5.1 g $$NH_4SH$$ is introduced in 3.0 L evacuated flask at 327$$^{\circ}$$C. 30% of the solid $$NH_4SH$$ is decomposed to $$NH_3$$ and $$H_2S$$ as gases. The $$K_P$$ of the reaction at 327$$^{\circ}$$C is: ($$R = 0.082$$ L atm mol$$^{-1}$$ K$$^{-1}$$, Molar mass of S = 32 g mol$$^{-1}$$, Molar mass of N = 14 g mol$$^{-1}$$)

We consider the equilibrium

$$NH_4SH(s) \;\rightleftharpoons\; NH_3(g) + H_2S(g)$$

The solid $$NH_4SH$$ does not appear in the equilibrium-constant expression, so we only need the partial pressures of $$NH_3$$ and $$H_2S$$ that are produced by the decomposition.

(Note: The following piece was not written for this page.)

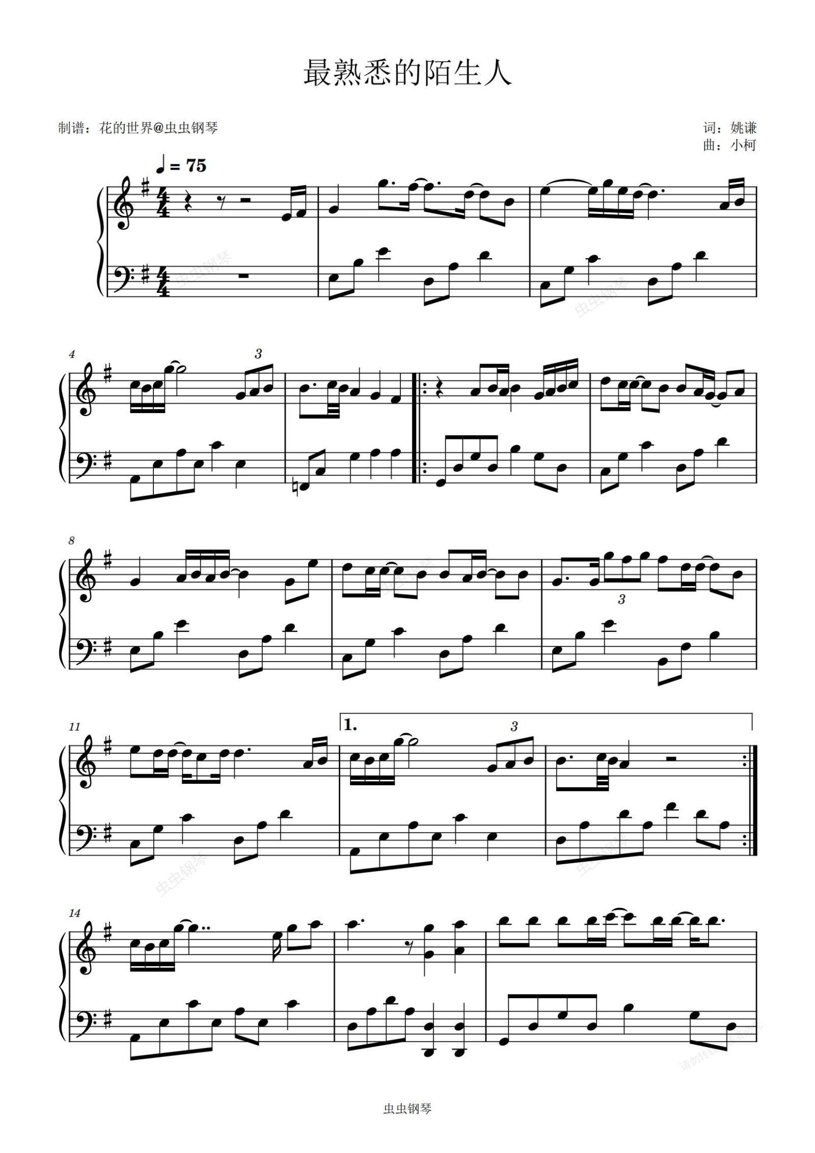 钢琴谱:最熟悉的陌生人 原调简易版 萧亚轩
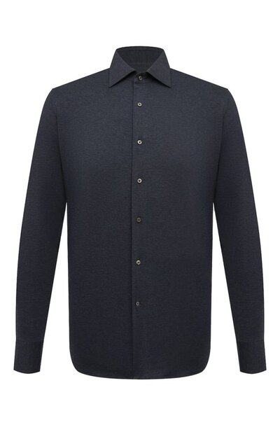Меланжево-синяя рубашка классического кроя сможет стать частью образа в стиле smart casual. За рамки формального гардероба ее выводит материал — эластичный хлопковый трикотаж с добавкой прочного нейлона. Лаконичная модель без планки и с гладкой спинкой без вытачек комфортно облегает фигуру, не сковывая движений.

First we calculate how many moles of the solid are initially present. The molar mass of $$NH_4SH$$ is obtained by adding the atomic masses of all the atoms:

$$M(NH_4SH)=M(N)+4M(H)+M(S)+M(H) = 14 + 4(1) + 32 + 1 = 51\ {\rm g\;mol^{-1}}$$

So, from 5.1 g we have

$$n_{\text{initial}}(NH_4SH)=\frac{5.1\ \text{g}}{51\ \text{g mol}^{-1}}=0.10\ \text{mol}$$

Only 30 % of this amount decomposes. Hence the number of moles that actually break down is

$$n_{\text{decomposed}} = 0.30 \times 0.10\ \text{mol}=0.030\ \text{mol}$$

Because the stoichiometry of the reaction is 1 : 1 : 1, the same amount of each gas is formed:

$$n(NH_3)=0.030\ \text{mol}, \qquad n(H_2S)=0.030\ \text{mol}$$

The gases occupy a flask whose volume is 3.0 L, and the temperature is $$T = 327^{\circ}{\rm C} = 327 + 273 = 600\ {\rm K}$$

We now use the ideal-gas equation, stated here for one gas, $$PV = nRT$$ to obtain the partial pressures.

For $$NH_3$$ we have

$$P_{NH_3} = \frac{nRT}{V} = \frac{0.030\ \text{mol}\;(0.082\ \text{L atm mol}^{-1}\text{K}^{-1})\;(600\ \text{K})}{3.0\ \text{L}}$$

$$P_{NH_3} = \frac{0.030 \times 0.082 \times 600}{3.0}\ {\rm atm}$$

$$P_{NH_3} = \frac{1.476}{3.0} = 0.492\ {\rm atm}$$

Exactly the same calculation holds for $$H_2S$$ because it has the same number of moles, so

$$P_{H_2S}=0.492\ {\rm atm}$$

The equilibrium constant in pressure units for the reaction is

$$K_P = P_{NH_3}\,P_{H_2S}$$

Substituting the calculated partial pressures,

$$K_P = (0.492\ {\rm atm}) \times (0.492\ {\rm atm})$$

$$K_P = 0.242\ {\rm atm}^2$$

Hence, the correct answer is Option A.